Let’s re-visit one of the more salacious stories to hit the papers in the post-Bernie Madoff era. I’m talking about the story of Lenny ‘Nails’ Dykstra, the former all-star baseball player turned stock picker made by TheStreet.com’s Jim Cramer. Dykstra ran into a bit of trouble last year after the market turned down. The Wall Street tabloid Drealbreaker described it this way last summer:
Lenny Dykstra has officially filed for Chapter 11 bankruptcy. This wouldn’t be so tough to take if we could comfort ourselves by the idea of Nails returning home to his Thousand Oaks manse but, oh, right, the place is set to hit the auction block tomorrow. Right about now you could say we’re feeling a high level of rage and luckily, we know exactly where to direct it: Jim Cramer. This, we’re putting it out there, is all Jim Cramer’s fault. Not because he fired Lenny from his Street.com gig, “Nails by the Numbers,” in which Dykstra dispensed investment advice to subscribers, but for JC’s bold call made back in March 2008, when Cramer told Bob Costas, “Lenny Dykstra is one of the greats in this business,” which obviously put a curse on Len’s head, as did Cramer’s insistence on wearing a Nails jersey to bed every night. We’ve said it before and we’ll say it again: an on-air apology is in order, as is a year’s supply of dip, a simple pleasure which LD can no longer afford.
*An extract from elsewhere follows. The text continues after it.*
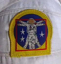 The Vitruvian Man depicts a nude man facing forward, surrounded by a square and a circle.[2] The man is portrayed in different stances simultaneously: an "X" pose and a "T" pose. For the former, his arms are stretched diagonally above his shoulders and his legs widely parted so that his feet and hands touch the edge of the circle centred on his navel. For the latter, his arms are outstretched horizonally and his legs are together, so that his hands, head and feet all touch the perimeter of the square.[2] The scholar Carlo Vecce notes that this approach displays multiple phases of movement at once, akin to a photograph.[10] The man's fingers and toes are arranged carefully as to not breach the surrounding shapes.[9] Commentators often note that Leonardo went out of his way to create an artistic depiction of the man, rather than a simple portrayal.[11][12] According to the biographer Walter Isaacson, the use of delicate lines, an intimate stare, and intricate hair curls, "weaves together the human and the divine".[11] Pedretti notes close similarities between the man and the angel of Leonardo's earlier Annunciation painting.[12]

When we last visited our anti-hero, he was upbeat, sure he could beat this thing:
"F—— derelicts," Dykstra snaps about his growing list of hostile ex-business partners. "Where’s a real respected businessman in our society who’s suing me? We don’t see one, do we?"…
"I love it, baby," the 46-year-old told the Daily News from his lawyer’s California office. "Pile it on, bro."
Of course, the day-to-day of bankruptcy has changed things a good deal.
Now, the Daily Beast alleges that Dykstra copied all of his stock picks from another analyst, faked the data and then sold access to Jim Cramer. From the Daily Beast account you get the sense that Dykstra knew nothing about stocks and investing. He was just another guy cashing in on his celebrity and running up debts to live large in the asset-based economy.
Dysktra’s success – like so much in the bubble economy – was, in a word, a fraud.